Introduction

The parse method in Retab’s document processing pipeline converts any document into cleaned, raw markdown text with page-by-page extraction. This endpoint is ideal for extracting cleaned document content to be used as context for downstream processing, such as RAG pipelines, custom ingestion pipelines, embeddings classification, and content indexing workflows. The typical RAG workflow follows these steps:
  1. Parsing: Extract clean text from documents using Retab’s parse method
  2. Chunking: Split the text into manageable blocks (sentences, paragraphs, etc..) called “chunks” for embedding
  3. Indexing: Store chunks in a vector database or any other search index for retrieval
For chunking, we recommend chonkie - a powerful and flexible text chunking library designed specifically for RAG pipelines.
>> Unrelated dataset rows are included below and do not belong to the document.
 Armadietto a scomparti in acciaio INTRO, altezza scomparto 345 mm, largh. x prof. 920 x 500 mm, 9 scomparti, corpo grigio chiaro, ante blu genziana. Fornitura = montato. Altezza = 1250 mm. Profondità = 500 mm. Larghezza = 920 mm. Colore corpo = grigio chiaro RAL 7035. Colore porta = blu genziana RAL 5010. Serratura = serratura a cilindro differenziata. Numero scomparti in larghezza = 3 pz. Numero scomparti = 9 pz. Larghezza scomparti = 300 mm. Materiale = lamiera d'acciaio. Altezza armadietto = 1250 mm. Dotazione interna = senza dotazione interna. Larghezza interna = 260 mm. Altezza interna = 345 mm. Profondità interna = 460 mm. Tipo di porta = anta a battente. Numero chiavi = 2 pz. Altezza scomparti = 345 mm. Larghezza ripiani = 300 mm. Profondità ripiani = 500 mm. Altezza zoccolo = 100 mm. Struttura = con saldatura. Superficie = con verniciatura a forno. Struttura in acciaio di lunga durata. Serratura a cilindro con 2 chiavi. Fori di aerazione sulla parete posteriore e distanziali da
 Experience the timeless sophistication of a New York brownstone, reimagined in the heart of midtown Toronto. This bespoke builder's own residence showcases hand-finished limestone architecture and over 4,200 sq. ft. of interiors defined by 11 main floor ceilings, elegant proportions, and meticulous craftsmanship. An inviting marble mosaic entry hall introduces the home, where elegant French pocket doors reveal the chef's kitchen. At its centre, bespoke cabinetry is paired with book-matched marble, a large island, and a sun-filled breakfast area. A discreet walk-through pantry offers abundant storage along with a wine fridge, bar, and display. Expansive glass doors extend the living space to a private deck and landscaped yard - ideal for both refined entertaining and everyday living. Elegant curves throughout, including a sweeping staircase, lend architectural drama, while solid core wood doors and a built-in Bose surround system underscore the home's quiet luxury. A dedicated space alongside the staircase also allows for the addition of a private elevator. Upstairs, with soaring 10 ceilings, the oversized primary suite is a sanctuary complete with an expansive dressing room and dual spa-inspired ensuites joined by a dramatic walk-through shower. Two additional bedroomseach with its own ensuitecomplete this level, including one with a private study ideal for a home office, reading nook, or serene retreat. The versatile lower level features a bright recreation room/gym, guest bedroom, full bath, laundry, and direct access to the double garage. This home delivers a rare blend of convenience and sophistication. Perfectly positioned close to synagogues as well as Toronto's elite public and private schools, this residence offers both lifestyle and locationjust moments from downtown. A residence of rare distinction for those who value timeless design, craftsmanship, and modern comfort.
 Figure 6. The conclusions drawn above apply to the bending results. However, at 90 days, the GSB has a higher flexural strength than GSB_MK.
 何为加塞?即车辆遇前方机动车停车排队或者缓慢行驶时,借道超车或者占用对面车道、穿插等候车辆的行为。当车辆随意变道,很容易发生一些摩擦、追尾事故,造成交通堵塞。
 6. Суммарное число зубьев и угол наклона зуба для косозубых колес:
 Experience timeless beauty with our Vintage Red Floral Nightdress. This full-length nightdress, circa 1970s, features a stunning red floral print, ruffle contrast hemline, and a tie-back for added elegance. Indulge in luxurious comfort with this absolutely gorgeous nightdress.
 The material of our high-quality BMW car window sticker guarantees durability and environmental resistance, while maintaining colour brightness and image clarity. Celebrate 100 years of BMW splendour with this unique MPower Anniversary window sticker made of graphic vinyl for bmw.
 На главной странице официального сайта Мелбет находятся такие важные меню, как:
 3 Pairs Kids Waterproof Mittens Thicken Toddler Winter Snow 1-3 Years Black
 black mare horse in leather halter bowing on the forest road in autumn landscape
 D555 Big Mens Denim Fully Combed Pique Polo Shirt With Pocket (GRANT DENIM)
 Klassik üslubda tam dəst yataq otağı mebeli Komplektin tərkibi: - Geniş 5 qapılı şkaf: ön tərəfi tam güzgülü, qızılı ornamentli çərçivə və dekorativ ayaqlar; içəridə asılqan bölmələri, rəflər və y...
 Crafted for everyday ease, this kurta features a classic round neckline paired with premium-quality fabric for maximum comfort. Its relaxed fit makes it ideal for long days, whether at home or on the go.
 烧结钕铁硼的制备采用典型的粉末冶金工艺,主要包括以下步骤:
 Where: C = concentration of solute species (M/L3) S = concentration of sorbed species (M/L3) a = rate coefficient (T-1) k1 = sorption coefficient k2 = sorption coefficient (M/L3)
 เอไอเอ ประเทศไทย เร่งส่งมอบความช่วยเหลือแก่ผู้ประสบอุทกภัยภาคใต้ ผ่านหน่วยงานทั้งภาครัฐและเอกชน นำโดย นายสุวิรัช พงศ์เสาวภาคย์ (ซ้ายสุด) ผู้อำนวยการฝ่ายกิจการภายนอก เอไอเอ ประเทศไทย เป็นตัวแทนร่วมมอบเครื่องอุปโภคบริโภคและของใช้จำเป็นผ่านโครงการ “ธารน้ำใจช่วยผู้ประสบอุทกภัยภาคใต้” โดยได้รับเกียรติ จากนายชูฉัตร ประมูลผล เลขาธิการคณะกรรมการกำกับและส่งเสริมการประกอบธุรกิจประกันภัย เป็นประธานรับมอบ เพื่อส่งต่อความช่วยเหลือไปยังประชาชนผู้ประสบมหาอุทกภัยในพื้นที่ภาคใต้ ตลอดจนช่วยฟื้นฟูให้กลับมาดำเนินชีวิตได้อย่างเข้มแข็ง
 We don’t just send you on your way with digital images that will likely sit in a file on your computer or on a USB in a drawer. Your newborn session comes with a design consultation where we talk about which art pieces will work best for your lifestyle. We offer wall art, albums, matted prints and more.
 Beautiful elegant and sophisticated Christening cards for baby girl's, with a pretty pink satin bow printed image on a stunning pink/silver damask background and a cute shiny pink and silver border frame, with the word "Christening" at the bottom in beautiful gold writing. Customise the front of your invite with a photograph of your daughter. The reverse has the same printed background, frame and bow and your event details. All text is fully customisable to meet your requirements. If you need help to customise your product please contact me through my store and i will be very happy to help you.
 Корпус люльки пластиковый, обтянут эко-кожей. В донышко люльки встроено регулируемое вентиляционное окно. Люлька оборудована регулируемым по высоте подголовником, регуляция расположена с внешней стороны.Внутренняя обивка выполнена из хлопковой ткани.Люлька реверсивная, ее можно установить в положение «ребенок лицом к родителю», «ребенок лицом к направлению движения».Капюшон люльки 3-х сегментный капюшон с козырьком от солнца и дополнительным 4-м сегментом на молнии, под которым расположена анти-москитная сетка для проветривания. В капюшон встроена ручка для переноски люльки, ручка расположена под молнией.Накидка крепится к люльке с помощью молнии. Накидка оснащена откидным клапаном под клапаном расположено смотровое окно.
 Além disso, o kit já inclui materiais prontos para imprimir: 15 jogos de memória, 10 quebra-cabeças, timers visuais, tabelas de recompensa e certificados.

Unlike other methods that focus on chat formatting or structured extraction, parse provides:
  • Clean Text Output: Removes formatting artifacts and provides readable text
  • Page-by-Page Processing: Access content from individual pages
  • Flexible Table Formats: Choose how tables are represented (HTML, Markdown, JSON, YAML)
  • OCR Integration: Handles both text-based and image-based documents
  • Batch Processing Ready: Efficient for processing multiple documents

Parse API

ParseRequest
ParseRequest
Returns
ParseResult Object
A ParseResult object containing the extracted text content and processing information.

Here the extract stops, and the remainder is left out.